▽
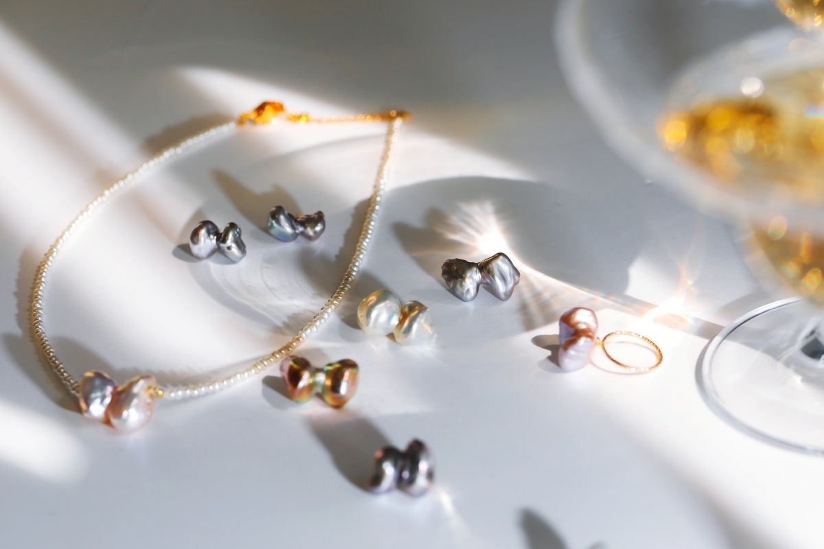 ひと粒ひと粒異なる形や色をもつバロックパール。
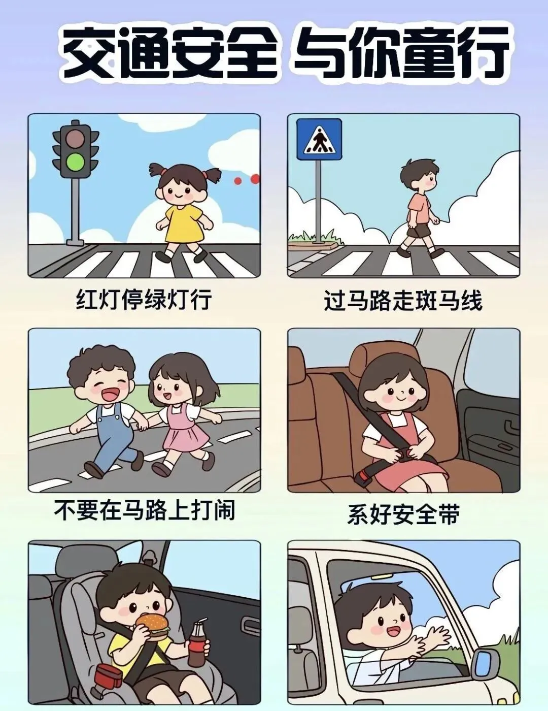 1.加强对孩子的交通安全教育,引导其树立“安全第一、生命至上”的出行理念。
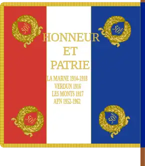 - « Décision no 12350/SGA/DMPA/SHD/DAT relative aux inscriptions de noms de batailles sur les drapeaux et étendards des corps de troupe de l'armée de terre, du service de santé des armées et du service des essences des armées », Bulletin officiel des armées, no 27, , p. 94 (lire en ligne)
△
▽
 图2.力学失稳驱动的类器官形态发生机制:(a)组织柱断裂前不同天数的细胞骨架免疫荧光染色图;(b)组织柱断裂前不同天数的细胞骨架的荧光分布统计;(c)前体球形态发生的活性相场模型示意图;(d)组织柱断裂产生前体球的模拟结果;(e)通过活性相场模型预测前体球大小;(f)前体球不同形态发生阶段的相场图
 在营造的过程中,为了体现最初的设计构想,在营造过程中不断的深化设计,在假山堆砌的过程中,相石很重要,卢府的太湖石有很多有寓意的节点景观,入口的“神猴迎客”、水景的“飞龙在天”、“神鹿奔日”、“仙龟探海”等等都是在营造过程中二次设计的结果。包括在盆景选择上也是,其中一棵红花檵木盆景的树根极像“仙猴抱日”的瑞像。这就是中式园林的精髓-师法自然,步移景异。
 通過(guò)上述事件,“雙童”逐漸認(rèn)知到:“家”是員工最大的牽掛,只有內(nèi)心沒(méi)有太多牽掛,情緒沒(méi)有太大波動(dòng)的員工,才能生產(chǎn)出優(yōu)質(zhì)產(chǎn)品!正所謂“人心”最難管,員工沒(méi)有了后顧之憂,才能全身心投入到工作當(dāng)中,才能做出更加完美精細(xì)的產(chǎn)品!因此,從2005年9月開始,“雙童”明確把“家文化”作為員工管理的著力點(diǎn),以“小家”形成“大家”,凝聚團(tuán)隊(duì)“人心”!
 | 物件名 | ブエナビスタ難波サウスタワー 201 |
△
Your objective
Your reply should hold nothing but the lines above, from the one containing "ひと粒ひと粒異なる形や色をもつバロックパール。" to the one containing "(lire en ligne)", reproduced exactly minus the pictures.

Written solution
 ひと粒ひと粒異なる形や色をもつバロックパール。
 1.加强对孩子的交通安全教育,引导其树立“安全第一、生命至上”的出行理念。
 - « Décision no 12350/SGA/DMPA/SHD/DAT relative aux inscriptions de noms de batailles sur les drapeaux et étendards des corps de troupe de l'armée de terre, du service de santé des armées et du service des essences des armées », Bulletin officiel des armées, no 27, , p. 94 (lire en ligne)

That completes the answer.